Seen from a great height, it is apparent that the United States is currently mired in nothing more than one of the "frequent vicissitudes of fortune" that de Tocqueville sees as the crucible of our national spirit. It will end. While being caught in a vortex of bad news and economic pain is not a lot of fun on a daily basis, similar past experiences have always proved instructive to the national spirit. Americans long ago learned that while bad times are not enjoyable, we can still profit from them by taking to heart a good lesson hard earned. Americans have always had the knack of turning a period of despair or pain into the beginnings of a period of sustained benefit. The trick is to find the hard lesson at the core of the problem, to learn from it, to execute the changes necessary to move on, and to get on with life.
But to find the hard lesson and begin the learning and healing process, one has to search for meaning instead of spending his or her day wallowing in the pain of the moment. A massive communal wringing of hands is not conducive to learning; wallowing in woe is a waste. Most of our economic leaders are having a good wallow. Not only is the wallowing almost universal, but the current crop of executives would much rather return to the past and learn nothing from the present, apparently unappreciative of the opportunity that the present dilemma gives us.

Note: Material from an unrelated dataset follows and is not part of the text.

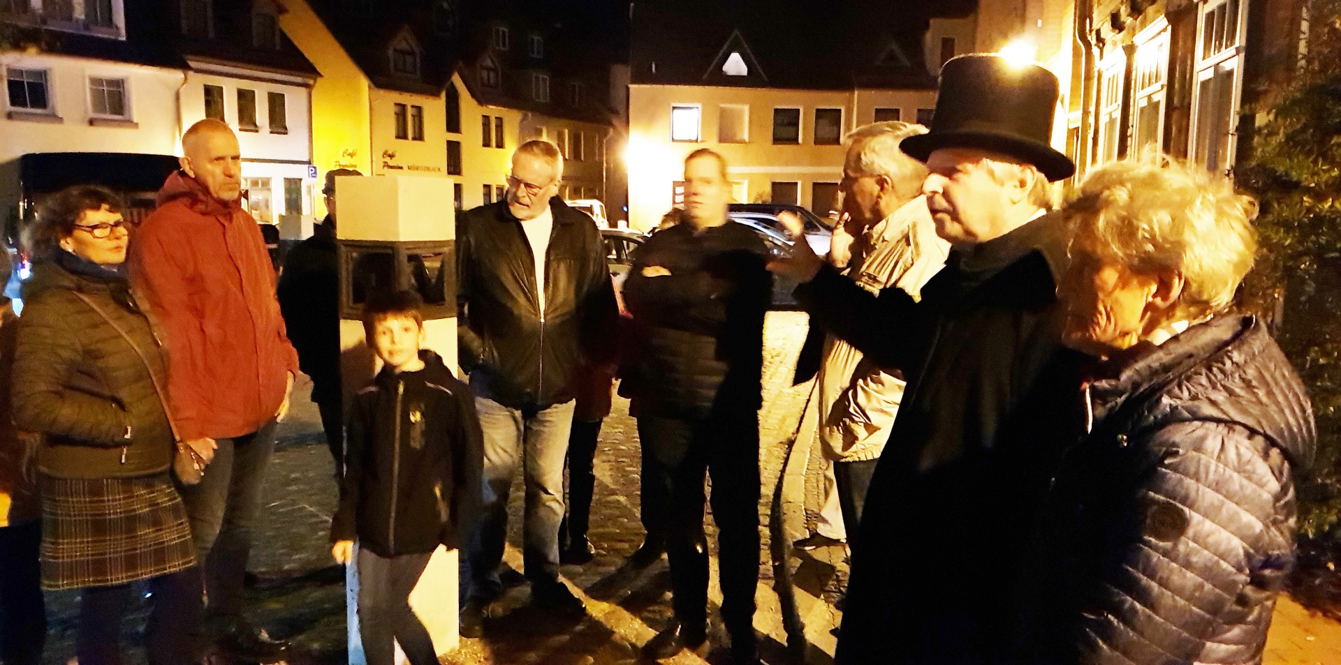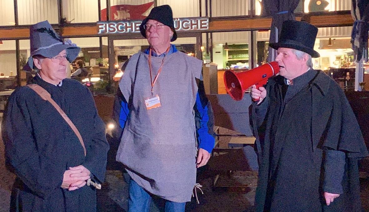 Jürgen Hass als Führer der größten Gruppe hatte sich mit Zylinder und schwarzer Robe kostümiert. Souverän und mit vielen Details aus der Warener Geschichte in seiner Rede lotste er die Spaziergänger oft über holpriges Kopfsteinpflaster. Zunächst zur Georgenkirche, dann durch die Richterstraße und die enge Gasse mit dem volkstümlichen Namen Morsritz zur Strandstraße und zum Hafen. Schließlich ging es durch die Hafenstraße zum Alten Markt und auf der Kirchenstraße zum Neuen Markt.

Yes, I did say "opportunity". We have a wonderful opportunity to: recognize that no regulation is just as bad as over regulation, and to realize that the mid-point of a pendulum swing is better than either extreme; wean ourselves away from foreign oil and to develop native energy sources that will allow us to be truly independent and in control of our own destiny; abandon a health care system that is the most expensive in the world yet leaves far too many of our fellow citizens without any health care whatsoever; learn the goals to be sought during the next century and begin the hard work of attaining them.
And if that isn't enough of a list of opportunities, think longer than the next century. Dream big dreams! Dream of manned spaceflight to another planet - it is not only a possibility but it may be the only real salvation of a species living on an overworked and depleted planet. Dream of unmanned spaceflight to other galaxies and eventual colony ships to the planets found by that unmanned exploration.
In other words, remember de Tocqueville's observation that the core of our character is innovation. What we had doesn't work any more. That flivver is broken down in the middle of a dusty road. Get up, grab a wrench and fix it. Get in the damned thing and drive it to the next available auto shop, take it inside, reinvent it, and drive out in whatever your imagination has allowed you to create. Some of the by-products will be duds, providing humor and honing our ability to laugh at ourselves. But some of the by-products will be things of beauty. They will be this generation's version of the plane piloted by Wilbur and Orville Wright at Kittyhawk.
But to get there, the wallowing of our economic leadership must stop and the learning must begin. We need to recognize that while we may be sitting in the middle of a train wreck, we are alive amid the wreckage. Things could be worse - and they will be if the wallowing continues.
In short - as my grandmother was fond of telling me when I was in despair over some youthful crisis or other, get over it . I no longer remember any of the crises that caused her to speak her piece; I only remember her words. She almost always followed "get over it" with "get on with it."
It was good advice then, and it is good advice now.